[Opening Available data section]

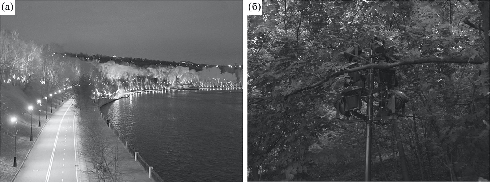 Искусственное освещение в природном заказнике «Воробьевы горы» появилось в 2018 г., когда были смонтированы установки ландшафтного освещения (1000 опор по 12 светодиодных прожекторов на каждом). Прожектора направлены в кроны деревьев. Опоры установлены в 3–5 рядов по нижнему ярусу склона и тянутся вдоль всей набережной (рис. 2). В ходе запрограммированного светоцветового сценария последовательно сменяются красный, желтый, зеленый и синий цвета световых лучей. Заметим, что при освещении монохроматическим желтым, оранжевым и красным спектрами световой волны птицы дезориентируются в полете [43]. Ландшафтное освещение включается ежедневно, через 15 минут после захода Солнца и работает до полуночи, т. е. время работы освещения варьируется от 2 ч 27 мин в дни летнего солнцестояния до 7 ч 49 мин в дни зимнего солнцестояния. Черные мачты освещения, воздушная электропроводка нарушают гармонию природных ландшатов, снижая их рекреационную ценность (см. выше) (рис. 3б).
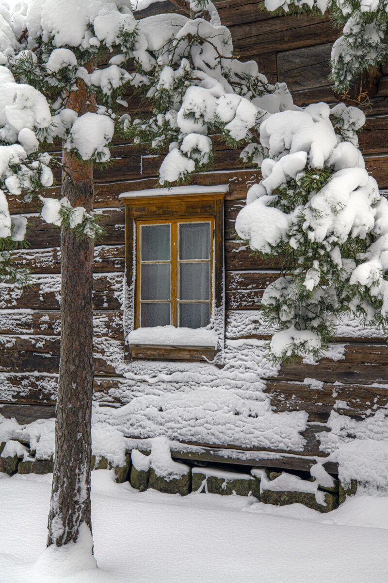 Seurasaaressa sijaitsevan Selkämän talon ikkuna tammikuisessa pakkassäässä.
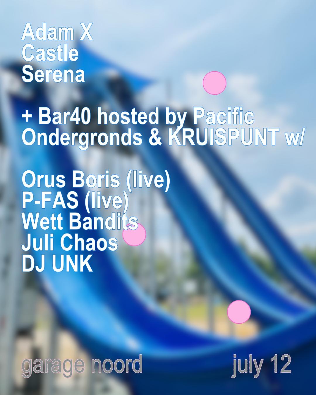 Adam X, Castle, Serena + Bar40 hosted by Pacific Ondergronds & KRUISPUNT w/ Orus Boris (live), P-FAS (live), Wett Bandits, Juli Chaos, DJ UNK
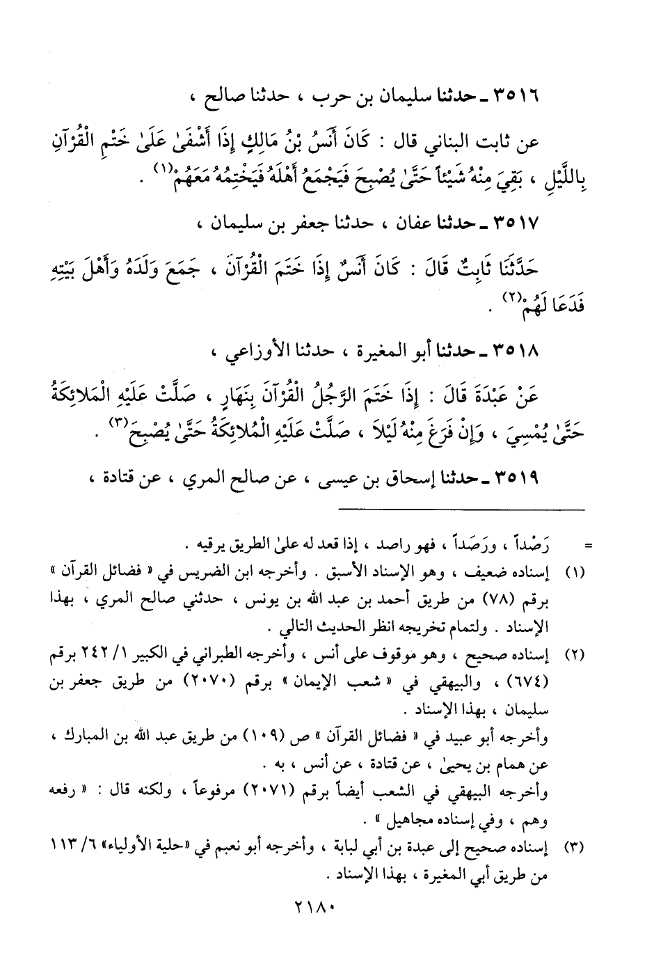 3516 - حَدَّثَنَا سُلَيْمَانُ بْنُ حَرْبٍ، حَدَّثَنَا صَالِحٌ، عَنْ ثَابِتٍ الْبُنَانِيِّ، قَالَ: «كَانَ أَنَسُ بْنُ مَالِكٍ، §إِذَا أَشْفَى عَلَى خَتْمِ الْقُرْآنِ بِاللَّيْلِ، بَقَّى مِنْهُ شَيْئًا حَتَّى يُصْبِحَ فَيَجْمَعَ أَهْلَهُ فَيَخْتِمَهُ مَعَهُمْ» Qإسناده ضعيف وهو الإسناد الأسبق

[Closing Available data section]

> Required action
Retype the data above exactly. Leave the pictures out.

> Problem solution
 Искусственное освещение в природном заказнике «Воробьевы горы» появилось в 2018 г., когда были смонтированы установки ландшафтного освещения (1000 опор по 12 светодиодных прожекторов на каждом). Прожектора направлены в кроны деревьев. Опоры установлены в 3–5 рядов по нижнему ярусу склона и тянутся вдоль всей набережной (рис. 2). В ходе запрограммированного светоцветового сценария последовательно сменяются красный, желтый, зеленый и синий цвета световых лучей. Заметим, что при освещении монохроматическим желтым, оранжевым и красным спектрами световой волны птицы дезориентируются в полете [43]. Ландшафтное освещение включается ежедневно, через 15 минут после захода Солнца и работает до полуночи, т. е. время работы освещения варьируется от 2 ч 27 мин в дни летнего солнцестояния до 7 ч 49 мин в дни зимнего солнцестояния. Черные мачты освещения, воздушная электропроводка нарушают гармонию природных ландшатов, снижая их рекреационную ценность (см. выше) (рис. 3б).
 Seurasaaressa sijaitsevan Selkämän talon ikkuna tammikuisessa pakkassäässä.
 Adam X, Castle, Serena + Bar40 hosted by Pacific Ondergronds & KRUISPUNT w/ Orus Boris (live), P-FAS (live), Wett Bandits, Juli Chaos, DJ UNK
 3516 - حَدَّثَنَا سُلَيْمَانُ بْنُ حَرْبٍ، حَدَّثَنَا صَالِحٌ، عَنْ ثَابِتٍ الْبُنَانِيِّ، قَالَ: «كَانَ أَنَسُ بْنُ مَالِكٍ، §إِذَا أَشْفَى عَلَى خَتْمِ الْقُرْآنِ بِاللَّيْلِ، بَقَّى مِنْهُ شَيْئًا حَتَّى يُصْبِحَ فَيَجْمَعَ أَهْلَهُ فَيَخْتِمَهُ مَعَهُمْ» Qإسناده ضعيف وهو الإسناد الأسبق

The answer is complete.